The one exception would be the midget pint size. Which I think is listed in amber. And possibly a few other colors other that aqua. But I don't have my Red Book handy to verify that. Of course there are real cobalt blue Mason's 1858 jars. But they are obviously extremely rare. And sell in the five figure range. And not a one of them have a cross on the back. There have been a lot of repro Mason's 1858 jars produced over the years. Beginning with the dream color
series from the 1970's. I'm sure someone is producing some form of fake 1858 jars to this day.


----------



## willong (Feb 10, 2021)

nhpharm said:


> My screen shows a fairly pale cobalt blue.


DITTO


----------



## hemihampton (Feb 10, 2021)

Everybody was saying the Base or Bottom will tell you if it's a Repro or not, SO, What is this Base Telling you???? LEON.

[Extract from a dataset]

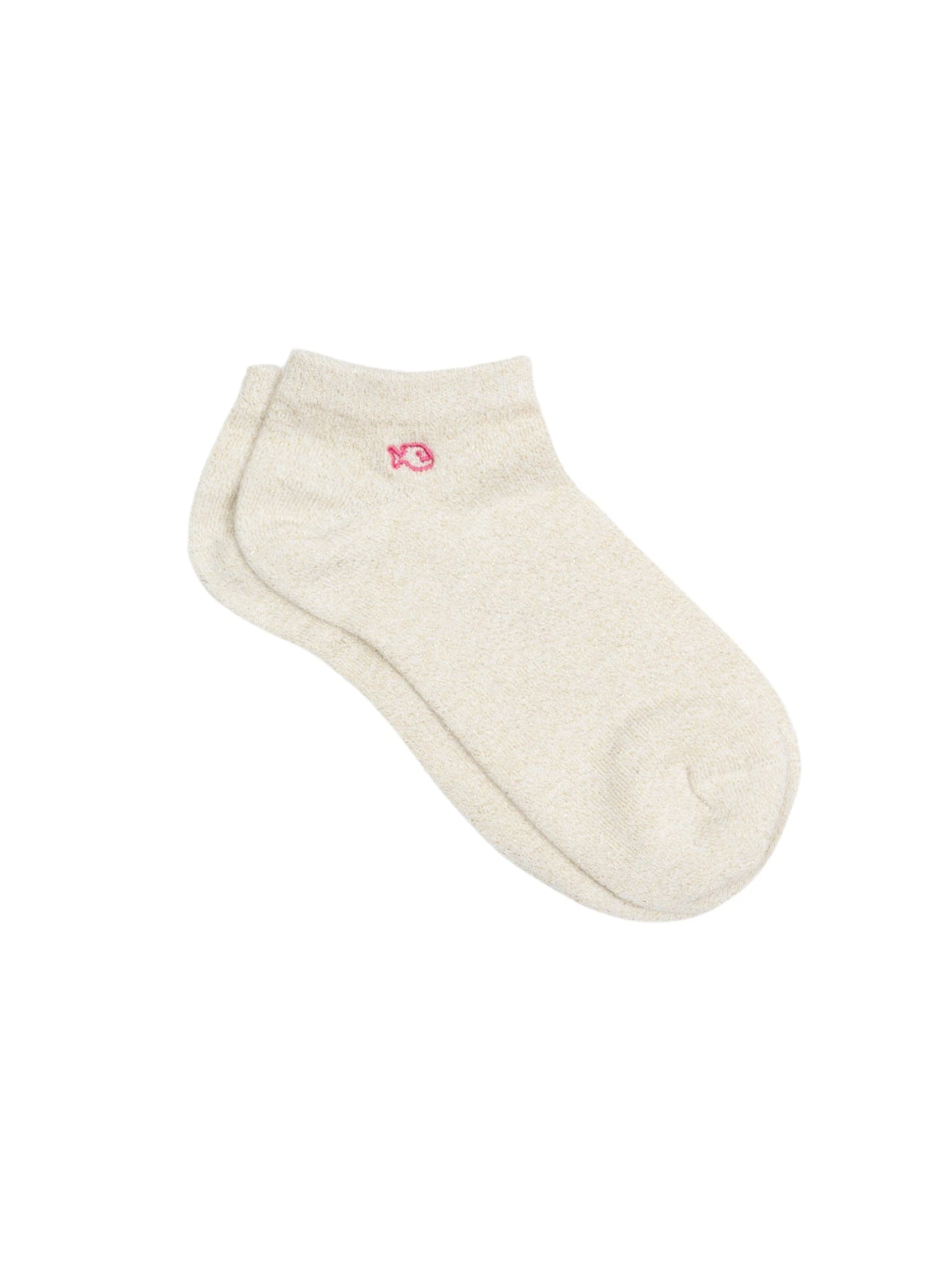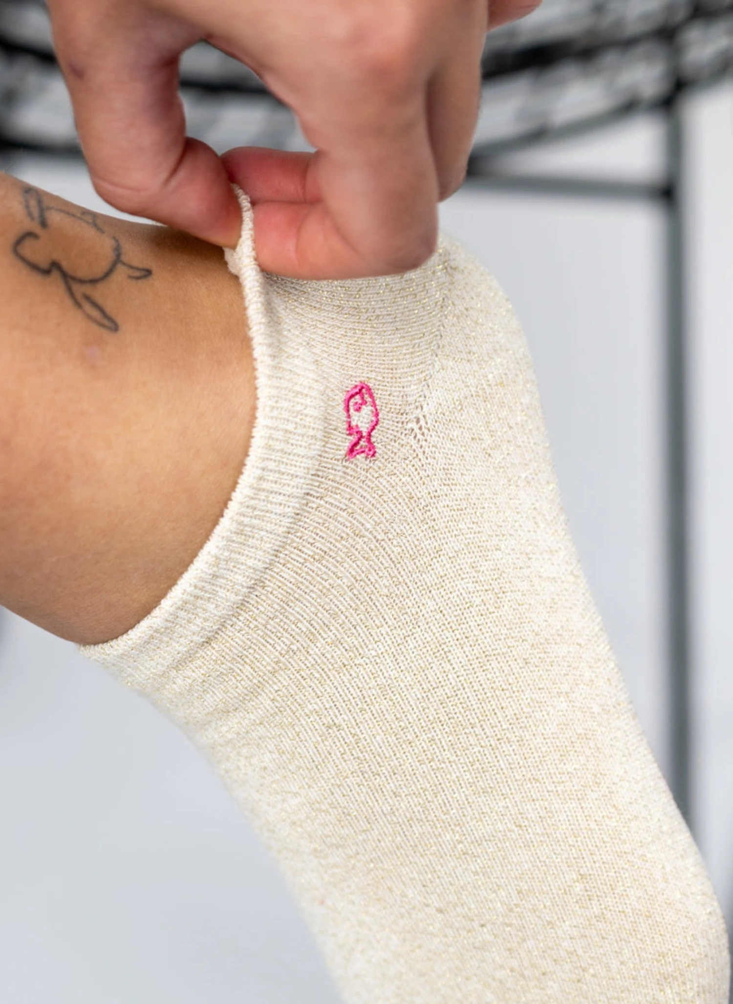 Apportez une touche d’originalité à votre tenue avec ces socquettes pailletées unies beiges. Elles sont en coton peigné et remaillée à la main. Ces socquettes sont confortables et durables.

"Most of the repo's used the same base mold #'s on the runs and like "robby & yacorie said. "


----------



## nhpharm (Feb 11, 2021)

Leon,

Looks like the base is blank on this one but hard to tell from the photos.  A number of the repros are blank, but if it did have mold numbers, those are pretty well documented as to which ones are reproductions.


----------



## ROBBYBOBBY64 (Feb 11, 2021)

They really tried to make the lip of the jar look ground. Sanded i would guess. The bottom looks like it has no wear at all. It should have some. Look at the wear on the bottom of this masons 8 pat jar in this picture. 
ROBBYBOBBY64.


----------